REQUIRED WORK: Could you print the stretch of lines below from the one with "Yakob Rosenmann wurde" through the one with "Δήμος Πύργου: Παγκόσμια", exactly as they stand and without any pictures?

DATA:
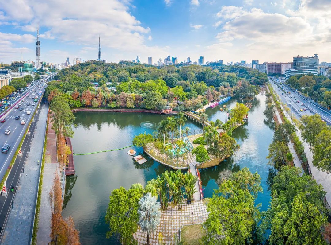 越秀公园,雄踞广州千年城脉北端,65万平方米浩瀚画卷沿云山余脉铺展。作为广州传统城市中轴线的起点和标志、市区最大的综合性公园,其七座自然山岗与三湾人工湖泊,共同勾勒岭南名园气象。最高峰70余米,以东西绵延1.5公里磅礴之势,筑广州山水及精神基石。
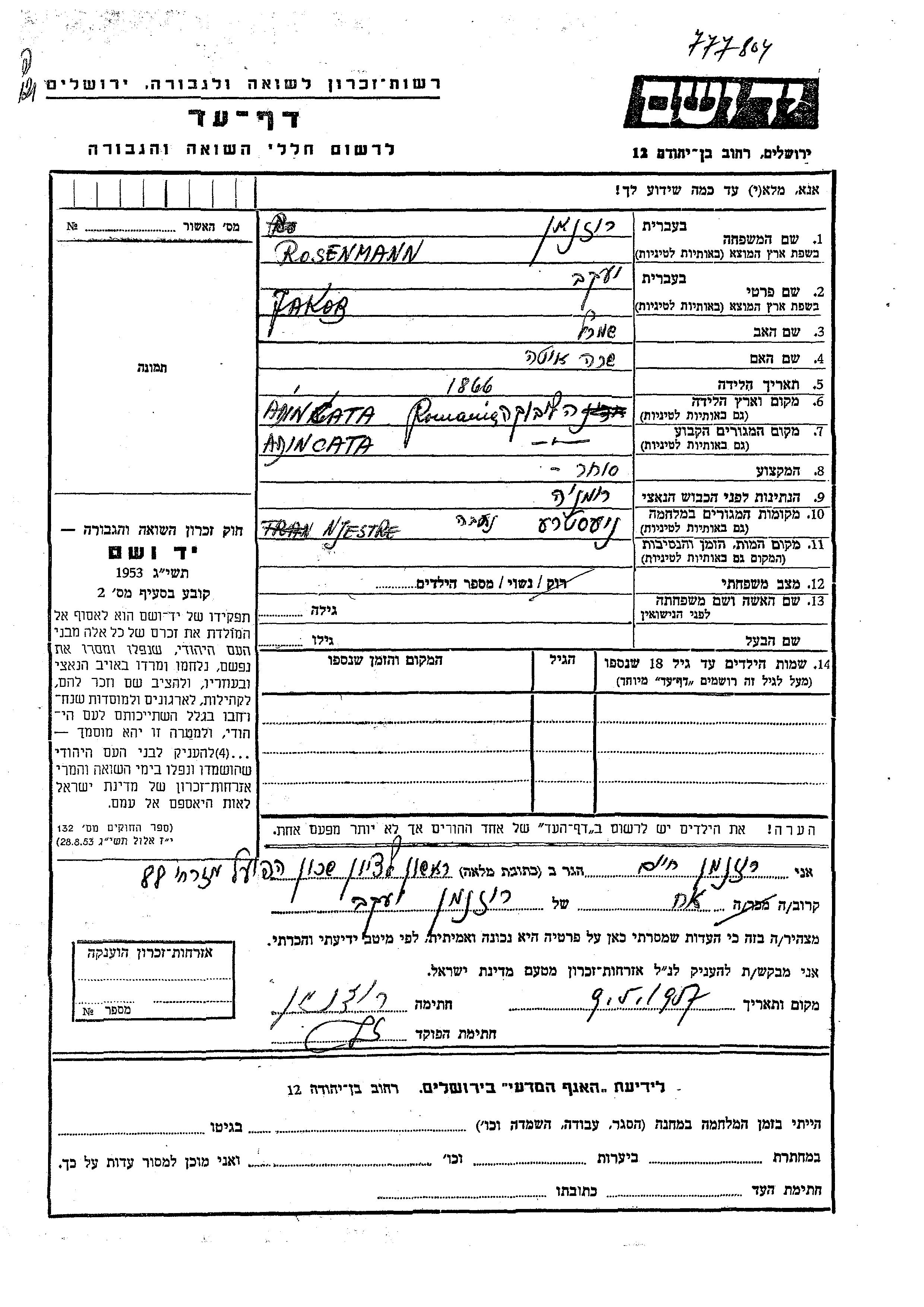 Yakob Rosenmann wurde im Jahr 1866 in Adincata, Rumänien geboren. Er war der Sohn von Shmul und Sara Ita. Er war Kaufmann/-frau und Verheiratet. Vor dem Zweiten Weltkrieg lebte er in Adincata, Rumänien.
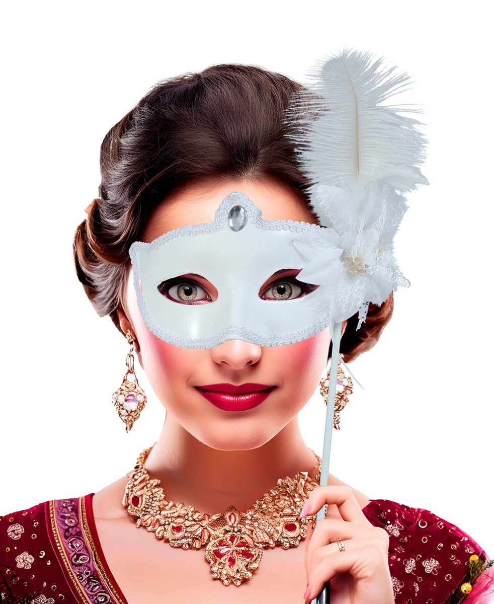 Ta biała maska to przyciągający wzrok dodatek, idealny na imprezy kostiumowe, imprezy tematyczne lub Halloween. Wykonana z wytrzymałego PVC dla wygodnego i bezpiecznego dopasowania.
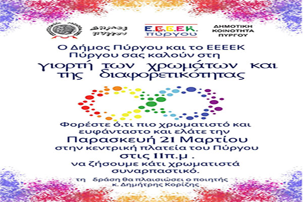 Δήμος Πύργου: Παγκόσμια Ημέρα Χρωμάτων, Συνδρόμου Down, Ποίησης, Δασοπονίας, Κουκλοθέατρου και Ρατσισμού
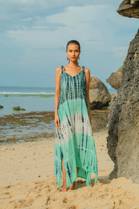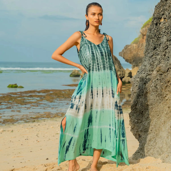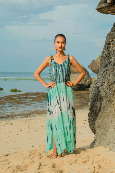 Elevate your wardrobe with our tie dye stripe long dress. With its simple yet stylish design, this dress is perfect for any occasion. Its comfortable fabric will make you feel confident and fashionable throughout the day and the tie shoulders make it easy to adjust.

* * *

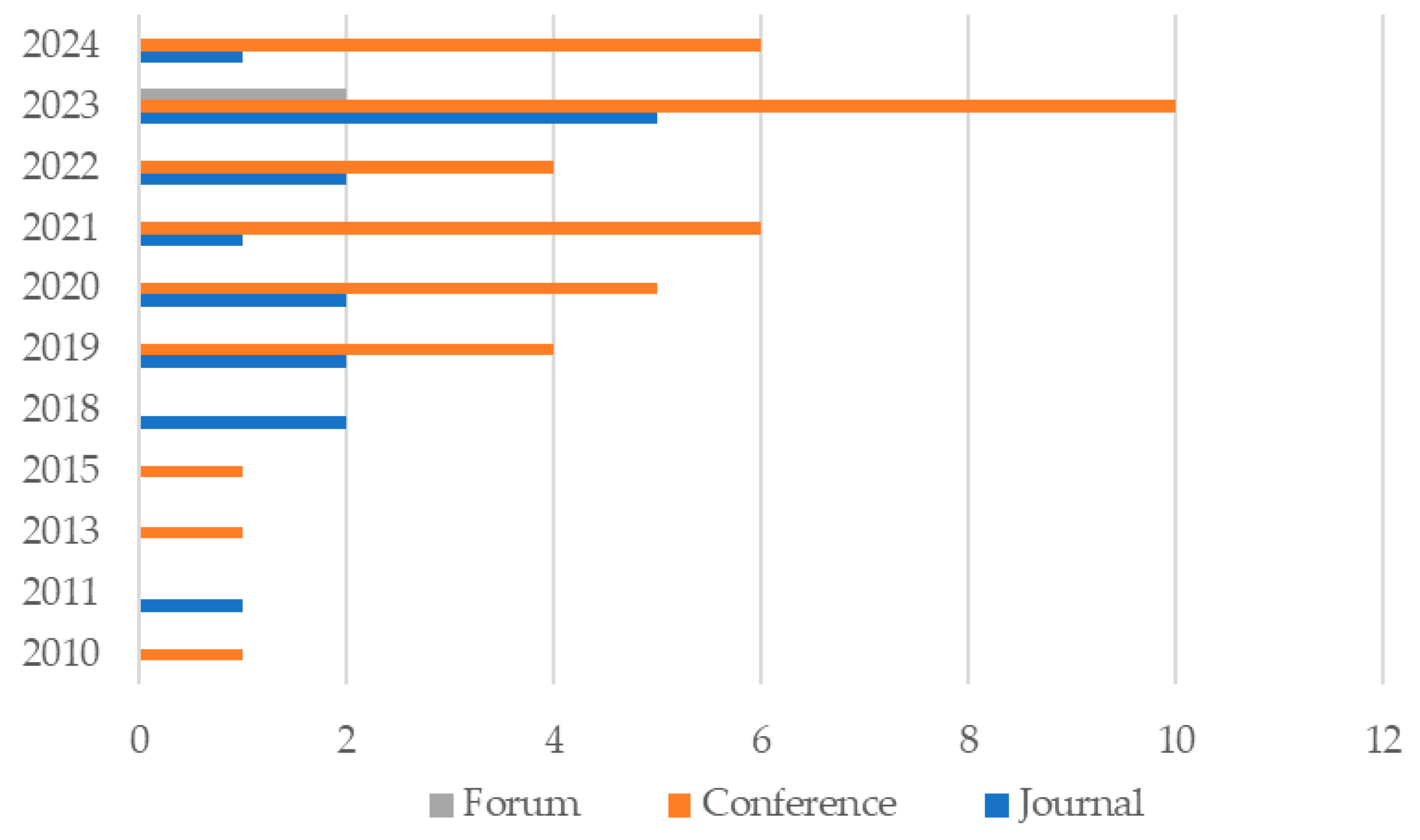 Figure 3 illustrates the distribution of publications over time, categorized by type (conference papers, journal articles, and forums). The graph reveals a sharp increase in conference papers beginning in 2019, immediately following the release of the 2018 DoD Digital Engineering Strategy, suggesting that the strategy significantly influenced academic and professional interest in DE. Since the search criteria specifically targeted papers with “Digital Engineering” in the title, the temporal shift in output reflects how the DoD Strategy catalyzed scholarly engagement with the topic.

SOLVED PROBLEM:
 Yakob Rosenmann wurde im Jahr 1866 in Adincata, Rumänien geboren. Er war der Sohn von Shmul und Sara Ita. Er war Kaufmann/-frau und Verheiratet. Vor dem Zweiten Weltkrieg lebte er in Adincata, Rumänien.
 Ta biała maska to przyciągający wzrok dodatek, idealny na imprezy kostiumowe, imprezy tematyczne lub Halloween. Wykonana z wytrzymałego PVC dla wygodnego i bezpiecznego dopasowania.
 Δήμος Πύργου: Παγκόσμια Ημέρα Χρωμάτων, Συνδρόμου Down, Ποίησης, Δασοπονίας, Κουκλοθέατρου και Ρατσισμού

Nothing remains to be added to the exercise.